| Task description |
Without skipping a line, reproduce the entries exactly.

[Source data]
□ □ □ □ □ □ □

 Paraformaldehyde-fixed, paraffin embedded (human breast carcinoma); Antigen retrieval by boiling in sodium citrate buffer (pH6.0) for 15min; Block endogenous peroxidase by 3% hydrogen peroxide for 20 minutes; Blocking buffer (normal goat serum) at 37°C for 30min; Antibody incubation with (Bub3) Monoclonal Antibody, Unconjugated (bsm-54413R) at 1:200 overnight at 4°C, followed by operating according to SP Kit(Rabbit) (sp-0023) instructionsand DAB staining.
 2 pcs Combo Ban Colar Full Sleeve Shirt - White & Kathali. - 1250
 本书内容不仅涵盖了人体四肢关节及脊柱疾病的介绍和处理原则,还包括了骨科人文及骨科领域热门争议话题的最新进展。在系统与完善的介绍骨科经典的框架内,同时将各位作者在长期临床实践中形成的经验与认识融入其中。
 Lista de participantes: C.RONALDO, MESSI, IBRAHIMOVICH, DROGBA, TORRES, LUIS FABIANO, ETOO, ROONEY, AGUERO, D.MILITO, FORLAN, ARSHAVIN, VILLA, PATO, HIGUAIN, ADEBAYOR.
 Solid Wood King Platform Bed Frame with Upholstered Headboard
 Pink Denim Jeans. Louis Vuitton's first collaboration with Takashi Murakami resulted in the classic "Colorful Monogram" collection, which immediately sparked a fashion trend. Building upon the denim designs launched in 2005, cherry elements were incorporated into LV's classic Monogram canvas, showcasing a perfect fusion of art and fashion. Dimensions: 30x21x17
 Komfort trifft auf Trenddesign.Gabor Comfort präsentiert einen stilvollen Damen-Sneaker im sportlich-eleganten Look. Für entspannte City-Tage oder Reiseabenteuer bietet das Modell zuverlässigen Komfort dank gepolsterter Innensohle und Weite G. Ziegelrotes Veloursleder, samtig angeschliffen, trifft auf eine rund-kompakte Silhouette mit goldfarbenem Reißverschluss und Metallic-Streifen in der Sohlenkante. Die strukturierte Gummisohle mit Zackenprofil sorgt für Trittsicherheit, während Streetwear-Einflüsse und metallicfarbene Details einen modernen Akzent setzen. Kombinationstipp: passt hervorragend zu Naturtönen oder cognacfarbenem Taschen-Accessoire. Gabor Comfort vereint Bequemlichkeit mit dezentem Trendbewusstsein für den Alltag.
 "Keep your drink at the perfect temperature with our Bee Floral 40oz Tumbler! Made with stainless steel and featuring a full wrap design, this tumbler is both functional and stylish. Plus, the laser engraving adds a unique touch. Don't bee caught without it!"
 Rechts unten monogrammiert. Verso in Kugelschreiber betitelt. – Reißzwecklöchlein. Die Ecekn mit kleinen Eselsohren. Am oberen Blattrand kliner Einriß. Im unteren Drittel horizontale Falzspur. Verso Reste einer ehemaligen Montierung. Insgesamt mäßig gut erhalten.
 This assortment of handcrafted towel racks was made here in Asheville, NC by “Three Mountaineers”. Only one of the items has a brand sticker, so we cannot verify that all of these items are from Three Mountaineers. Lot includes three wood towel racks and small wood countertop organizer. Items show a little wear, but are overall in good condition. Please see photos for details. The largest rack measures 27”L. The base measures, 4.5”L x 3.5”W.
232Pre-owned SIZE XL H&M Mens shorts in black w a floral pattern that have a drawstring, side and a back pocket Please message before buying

□ □ □ □ □ □ □

| Result of the exercise |
 Paraformaldehyde-fixed, paraffin embedded (human breast carcinoma); Antigen retrieval by boiling in sodium citrate buffer (pH6.0) for 15min; Block endogenous peroxidase by 3% hydrogen peroxide for 20 minutes; Blocking buffer (normal goat serum) at 37°C for 30min; Antibody incubation with (Bub3) Monoclonal Antibody, Unconjugated (bsm-54413R) at 1:200 overnight at 4°C, followed by operating according to SP Kit(Rabbit) (sp-0023) instructionsand DAB staining.
 2 pcs Combo Ban Colar Full Sleeve Shirt - White & Kathali. - 1250
 本书内容不仅涵盖了人体四肢关节及脊柱疾病的介绍和处理原则,还包括了骨科人文及骨科领域热门争议话题的最新进展。在系统与完善的介绍骨科经典的框架内,同时将各位作者在长期临床实践中形成的经验与认识融入其中。
 Lista de participantes: C.RONALDO, MESSI, IBRAHIMOVICH, DROGBA, TORRES, LUIS FABIANO, ETOO, ROONEY, AGUERO, D.MILITO, FORLAN, ARSHAVIN, VILLA, PATO, HIGUAIN, ADEBAYOR.
 Solid Wood King Platform Bed Frame with Upholstered Headboard
 Pink Denim Jeans. Louis Vuitton's first collaboration with Takashi Murakami resulted in the classic "Colorful Monogram" collection, which immediately sparked a fashion trend. Building upon the denim designs launched in 2005, cherry elements were incorporated into LV's classic Monogram canvas, showcasing a perfect fusion of art and fashion. Dimensions: 30x21x17
 Komfort trifft auf Trenddesign.Gabor Comfort präsentiert einen stilvollen Damen-Sneaker im sportlich-eleganten Look. Für entspannte City-Tage oder Reiseabenteuer bietet das Modell zuverlässigen Komfort dank gepolsterter Innensohle und Weite G. Ziegelrotes Veloursleder, samtig angeschliffen, trifft auf eine rund-kompakte Silhouette mit goldfarbenem Reißverschluss und Metallic-Streifen in der Sohlenkante. Die strukturierte Gummisohle mit Zackenprofil sorgt für Trittsicherheit, während Streetwear-Einflüsse und metallicfarbene Details einen modernen Akzent setzen. Kombinationstipp: passt hervorragend zu Naturtönen oder cognacfarbenem Taschen-Accessoire. Gabor Comfort vereint Bequemlichkeit mit dezentem Trendbewusstsein für den Alltag.
 "Keep your drink at the perfect temperature with our Bee Floral 40oz Tumbler! Made with stainless steel and featuring a full wrap design, this tumbler is both functional and stylish. Plus, the laser engraving adds a unique touch. Don't bee caught without it!"
 Rechts unten monogrammiert. Verso in Kugelschreiber betitelt. – Reißzwecklöchlein. Die Ecekn mit kleinen Eselsohren. Am oberen Blattrand kliner Einriß. Im unteren Drittel horizontale Falzspur. Verso Reste einer ehemaligen Montierung. Insgesamt mäßig gut erhalten.
 This assortment of handcrafted towel racks was made here in Asheville, NC by “Three Mountaineers”. Only one of the items has a brand sticker, so we cannot verify that all of these items are from Three Mountaineers. Lot includes three wood towel racks and small wood countertop organizer. Items show a little wear, but are overall in good condition. Please see photos for details. The largest rack measures 27”L. The base measures, 4.5”L x 3.5”W.
232Pre-owned SIZE XL H&M Mens shorts in black w a floral pattern that have a drawstring, side and a back pocket Please message before buying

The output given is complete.